Antiquity in the 21st Century
How important is presentation, really?
What do slides, pools, cards, and ships all have in common? Decks
Ah poolside lounging, shuffling card decks around for a game of poker, cruising on the lido deck… These are creations old in concept, but modern in use. But slide decks aren’t.
Slide decks are a relatively new concept in the way information is shared: infographics, tables, charts, varying amounts of texts. But with a generation of waning attention spans, it seems like having a presentation to supplement the verbiage is almost an archaic concept.
Slide decks now are holding the nonessential pieces of information. To be honest, I realized this in one of the many networking sessions that students from my university are privy to. These networking sessions usually start off with HR or a campus recruiting manager speaking about the superb relationship with the school, then how graduates from the school go on to do great things at the firm, then do Q&A with a group of five individuals at the firm. The presentation deck behind the HR/campus recruiter is propaganda for the company almost: it allures you with their logo, color scheme, internship requirements, and a 30-second video clip. It also has pretty universal information:
“We are looking for go-getters”
“Interns in our program are not only self-sufficient but inquisitive and hungry to learn”

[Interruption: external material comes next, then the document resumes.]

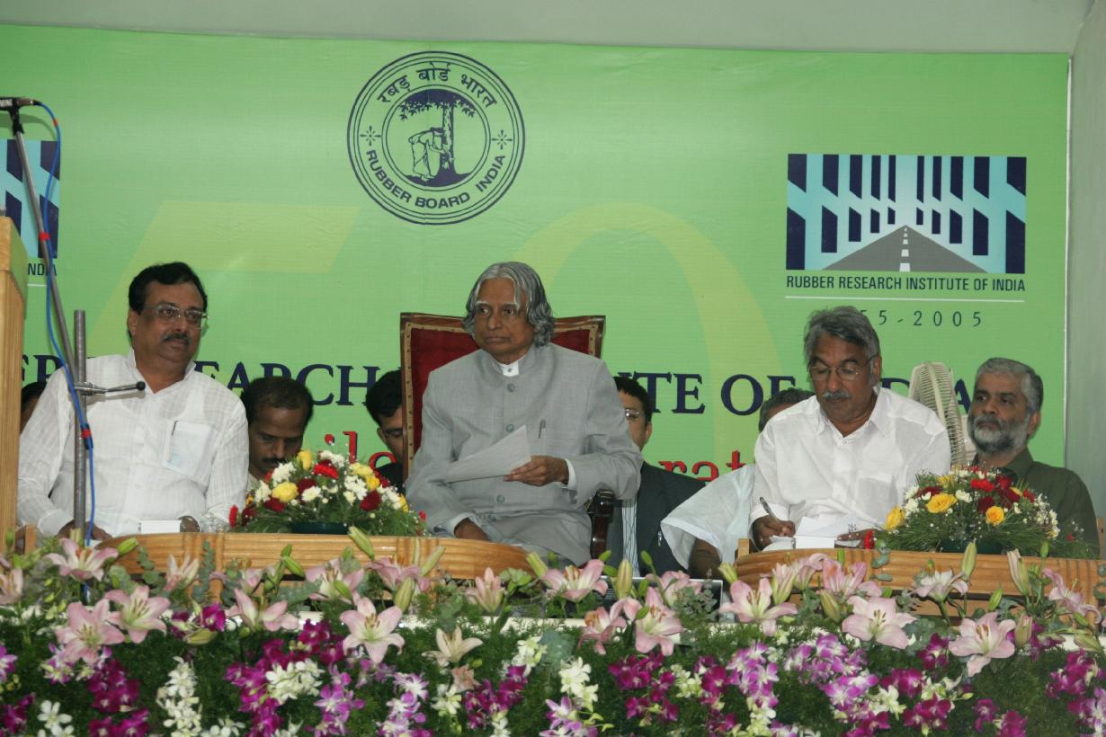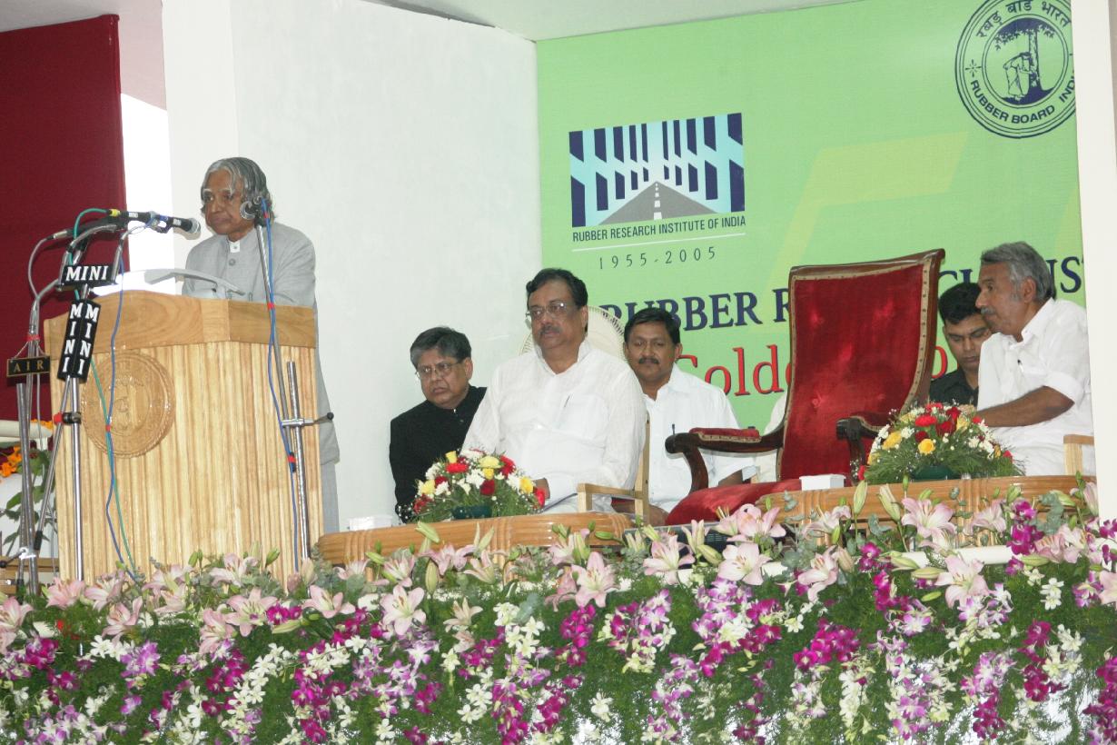 | Caption: | The President of India, Dr A P J Abdul Kalam addressing at the Golden Jubilee Celebrations of the Rubber Research Institute of India at Kottayam in Kerala on July 29, 2005 |

“We all get real-life work experiences— the work matters”
“GPA isn’t our only requisite, we need well-rounded individuals”
No matter which top Fortune 500 that was recruiting at school, the presentation lessons are almost the same. Students in actuality attend these events for the opportunity to speak with the recruiters in the hopes that they would remember the students and pull their resumes for the internships/job opportunities, not for the slide shows. So when did the presentation become nonessential?